The Court found that the fact that AULIC reserved the right to make substitutions to the funds chosen by the trustee (a fact that was not present in Hecker), did not mean that AULIC exercised this right in a way giving rise to a claim.[1] Furthermore, the concept of share classes did not lead to a different conclusion because AULIC disclosed the bottom-line cost of the funds it offered and the trustee was free to seek a better deal with a different service provider.[2]

The Court then dismissed the trustee’s argument that AULIC exercised control over the plan’s assets because it maintained and controlled the separate account. According to the trustee, AULIC’s actions with regard to the separate account, such as keeping track of participants’ contributions and directions, investing participants’ money in accordance with their directions, and crediting returns back to the participants’ accounts, amounted to control over plan assets because ERISA 3(21)(A) only requires that AULIC exercised “any” authority or control over the assets.

The Court acknowledged that the Hecker decision caused confusion as to whether a finding of discretionary control is necessary to hold someone a functional fiduciary of plan assets and made clear that “insofar as ‘management or disposition of assets’ is concerned, there is no separate requirement of discretionary authority or control.”[3] However, this reasoning did not persuade the Court that AULIC was a functional fiduciary because the trustee did not argue that AULIC mismanaged the separate account. The trustee’s arguments centered around revenue sharing and the selection of share classes, but those actions had nothing to do with AULIC’s maintenance of the separate account. Decisions regarding revenue sharing and share classes were made as part of the investment menu that had already been selected before participants invested their contributions.

The Court then addressed the argument made by the Department of Labor (DOL) in its amicus brief that AULIC is a fiduciary because it retained the right to delete or substitute the funds selected by the trustee for the plan and thereby exercised fiduciary authority every time it invested participants’ contributions in one of the chosen mutual fund class shares instead of a cheaper share class. The DOL argued that AULIC’s failure to substitute with less expensive share classes amounted to a fiduciary breach. The Court dismissed this argument, holding that AULIC’s decision not to exercise its right to substitute funds did not amount to an exercise of authority. The DOL’s theory would impermissibly expand the definition of functional fiduciary to include entities that take no action with respect to a plan.

Ramifications

The primary take-away from this decision is that merely being authorized to choose plan investment options is not enough to make a plan service provider a fiduciary. The Court’s reasoning supports arguments by service provider defendants that fiduciary breach claims against them should be dismissed where the plaintiff pleads only that the service provider had a theoretical control of plan assets. Plaintiffs must plead more than that a service provider got to choose the composition of a menu of investment options and that it was authorized to make decisions as to which investments that plan would offer participants in order to adequately plead fiduciary status. Instead, the plaintiffs will need to allege that the defendants actually exercised that authority or control over plan assets.

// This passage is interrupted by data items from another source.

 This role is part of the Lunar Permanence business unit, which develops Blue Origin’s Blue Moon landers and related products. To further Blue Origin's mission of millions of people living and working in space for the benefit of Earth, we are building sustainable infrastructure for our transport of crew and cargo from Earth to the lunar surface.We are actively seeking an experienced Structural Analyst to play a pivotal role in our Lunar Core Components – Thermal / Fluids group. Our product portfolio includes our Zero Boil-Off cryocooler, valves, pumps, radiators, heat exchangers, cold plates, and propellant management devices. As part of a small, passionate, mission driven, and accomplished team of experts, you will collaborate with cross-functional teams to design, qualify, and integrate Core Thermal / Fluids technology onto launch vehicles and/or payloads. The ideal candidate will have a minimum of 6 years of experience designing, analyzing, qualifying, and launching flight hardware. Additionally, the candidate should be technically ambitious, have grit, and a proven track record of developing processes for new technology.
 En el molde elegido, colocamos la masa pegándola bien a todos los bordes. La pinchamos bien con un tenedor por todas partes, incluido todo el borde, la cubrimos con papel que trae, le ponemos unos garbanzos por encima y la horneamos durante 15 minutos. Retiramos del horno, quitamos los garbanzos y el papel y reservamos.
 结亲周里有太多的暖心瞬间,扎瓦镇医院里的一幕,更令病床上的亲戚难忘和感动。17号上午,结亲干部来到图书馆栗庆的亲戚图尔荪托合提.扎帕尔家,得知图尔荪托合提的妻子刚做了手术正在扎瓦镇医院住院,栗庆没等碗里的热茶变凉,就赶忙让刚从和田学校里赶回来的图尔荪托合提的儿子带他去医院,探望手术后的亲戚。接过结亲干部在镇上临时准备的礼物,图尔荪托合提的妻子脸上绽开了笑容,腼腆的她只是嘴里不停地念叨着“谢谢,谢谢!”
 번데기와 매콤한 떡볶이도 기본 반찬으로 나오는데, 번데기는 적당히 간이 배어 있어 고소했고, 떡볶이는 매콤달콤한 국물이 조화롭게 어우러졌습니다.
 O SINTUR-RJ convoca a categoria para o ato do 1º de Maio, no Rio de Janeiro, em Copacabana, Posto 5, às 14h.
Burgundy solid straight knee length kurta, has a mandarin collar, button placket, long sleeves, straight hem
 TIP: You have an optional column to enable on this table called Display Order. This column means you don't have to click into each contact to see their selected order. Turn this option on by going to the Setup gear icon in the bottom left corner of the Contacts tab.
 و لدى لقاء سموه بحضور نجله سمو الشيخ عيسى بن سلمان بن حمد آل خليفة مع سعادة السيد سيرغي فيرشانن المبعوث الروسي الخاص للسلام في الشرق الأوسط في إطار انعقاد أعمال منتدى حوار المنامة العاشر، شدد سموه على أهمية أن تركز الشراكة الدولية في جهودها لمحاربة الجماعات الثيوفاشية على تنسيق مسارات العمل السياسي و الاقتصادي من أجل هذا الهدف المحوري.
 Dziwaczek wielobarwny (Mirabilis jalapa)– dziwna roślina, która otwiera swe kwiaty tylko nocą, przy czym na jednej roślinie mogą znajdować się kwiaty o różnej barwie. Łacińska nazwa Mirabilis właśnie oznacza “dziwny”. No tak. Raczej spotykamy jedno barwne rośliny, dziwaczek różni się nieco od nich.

Furthermore, this decision reconciles Hecker with decisions in other circuits regarding who is and is not a functional fiduciary over plan assets. This case makes clear that Hecker does not add a discretionary control requirement into the analysis.

For plan fiduciaries, the Leimkuehler decision highlights that they, not vendors providing their plans with a platform of investment options, will in most cases be responsible for selecting available investment options.